The contribution of gestational age, area deprivation and mother's country of birth to ethnic variations in infant mortality in England and Wales: A national cohort study using routinely collected data
Li, Y., Quigley, M. A., Dattani, N. , Gray, R., Jayaweera, H., Kurinczuk, J. J., Macfarlane, A. J. & Hollowell, J. (2018). The contribution of gestational age, area deprivation and mother's country of birth to ethnic variations in infant mortality in England and Wales: A national cohort study using routinely collected data. PLoS One, 13(4), article number e0195146. doi: 10.1371/journal.pone.0195146
Abstract
OBJECTIVES: We aimed to describe ethnic variations in infant mortality and explore the contribution of area deprivation, mother's country of birth, and prematurity to these variations.
METHODS: We analyzed routine birth and death data on singleton live births (gestational age≥22 weeks) in England and Wales, 2006-2012. Infant mortality by ethnic group was analyzed using logistic regression with adjustment for sociodemographic characteristics and gestational age.
RESULTS: In the 4,634,932 births analyzed, crude infant mortality rates were higher in Pakistani, Black Caribbean, Black African, and Bangladeshi infants (6.92, 6.00, 5.17 and 4.40 per 1,000 live births, respectively vs. 2.87 in White British infants). Adjustment for maternal sociodemographic characteristics changed the results little. Further adjustment for gestational age strongly attenuated the risk in Black Caribbean (OR 1.02, 95% CI 0.89-1.17) and Black African infants (1.17, 1.06-1.29) but not in Pakistani (2.32, 2.15-2.50), Bangladeshi (1.47, 1.28-1.69), and Indian infants (1.24, 1.11-1.38). Ethnic variations in infant mortality differed significantly between term and preterm infants. At term, South Asian groups had higher risks which cannot be explained by sociodemographic characteristics. In preterm infants, adjustment for degree of prematurity (<28, 28-31, 32-33, 34-36 weeks) fully explained increased risks in Black but not Pakistani and Bangladeshi infants. Sensitivity analyses with further adjustment for small for gestational age, or excluding deaths due to congenital anomalies did not fully explain the excess risk in South Asian groups.

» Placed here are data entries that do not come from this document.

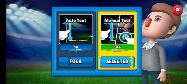 2、游戏内提供两种操作方式供玩家选择,其中【Auto Toot】是自动模式,此模式支持单手操作,玩家仅需控制音符的音高,难度相对较低;【Manual Toot】为手动模式,需要双手配合操作,一只手负责控制音符的音高,另一只手则通过手指点击来模拟吹气动作,玩家可根据自身喜好自由选择。
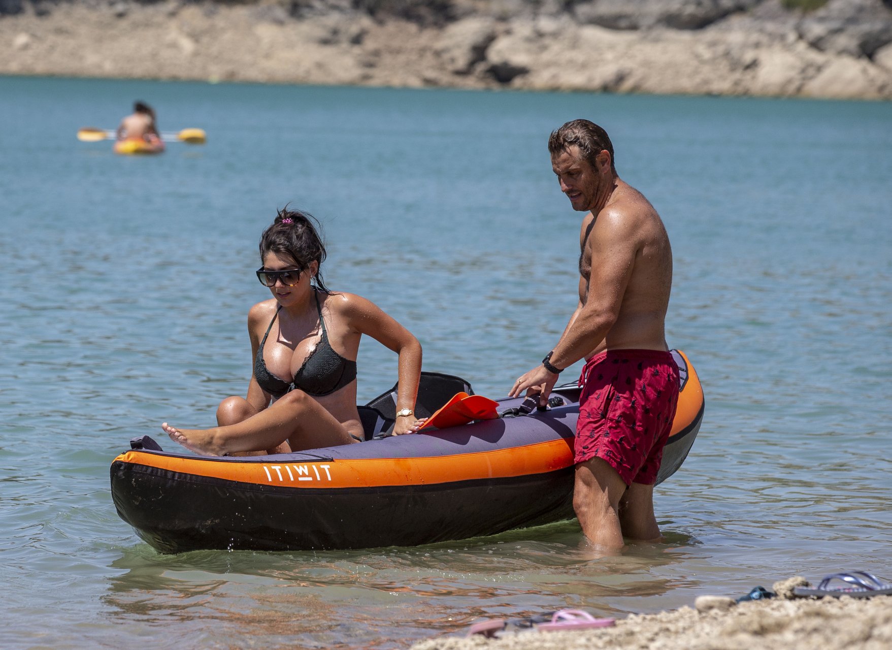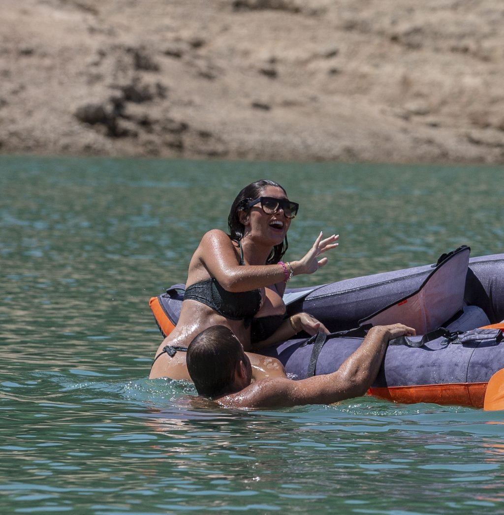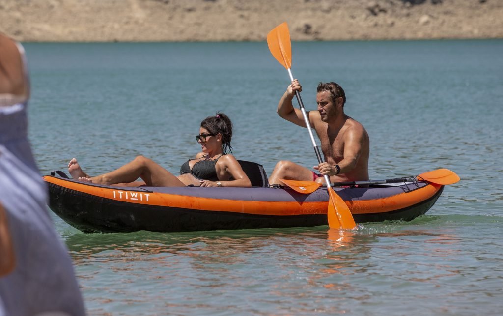 Pregnant Sadie Stuart and husband Elliott Wright were spotted in Marbella, Spain, 08/26/2018. They spent the day in the Mountain Lakes by enjoying their time kayaking and swimming in the Spanish sun. Sadie is now 5 months pregnant as she shows off her glowing baby bump in a bikini. At one point their kayak capsizes, as they laugh Elliott helps Sadie get back on.
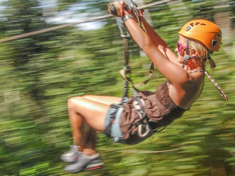 Empiezas yendo de copa de árbol a copa de árbol y, a partir de ahí, las filas se vuelven más largas y rápidas, y las vistas se vuelven más espectaculares. Black Diamond le permite volar 500 pies sobre el dosel de la jungla a velocidades de hasta 30 mph por más de ¼ de milla.
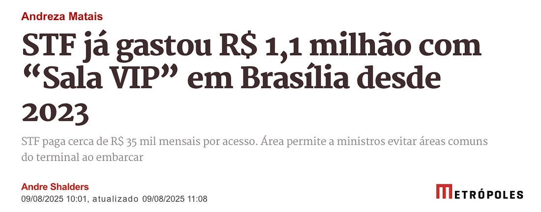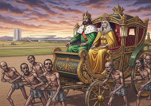 #VivaAMonarquiaSem plebiscito e sem a ajuda da família Orléans e Bragança, a monarquia foi instituída no BrasilEm 11 de dezembro de 2024, eu publiquei no NEIM: "O regime czarista pré-revolução bolchevique teria inveja da Corte de Brasília". Nossa elite de políticos e funcionários públicos de alto escalão tem certeza de que o povo só existe para servi-los, e não o contrário. A prova mais recente foi a autoaprovação, pelo TST, de uma sala VIP no aeroporto de Brasília, para que os ministros fiquem longe do povo "inconveniente, mal-intencionado” e, eu acrescentaria, mal-cheiroso. Como dizia o ex-presidente militar Figueiredo, ele preferia cheiro de cavalo. Além do pequeno Versalhes para mantê-los afastados do povaréu que paga suas contas, eles se beneficiam de Longa vida ao rei e à rainha. Atualmente, você é um assinante gratuito de Não É Imprensa. Para uma experiência completa, atualize a sua assinatura. |

CONCLUSIONS: Higher infant mortality in South Asian and Black infants does not appear to be explained by sociodemographic characteristics. Higher proportions of very premature infants appear to explain increased risks in Black infants but not in South Asian groups. Strategies targeting the prevention and management of preterm birth in Black groups and suboptimal birthweight and modifiable risk factors for congenital anomalies in South Asian groups might help reduce ethnic inequalities in infant mortality.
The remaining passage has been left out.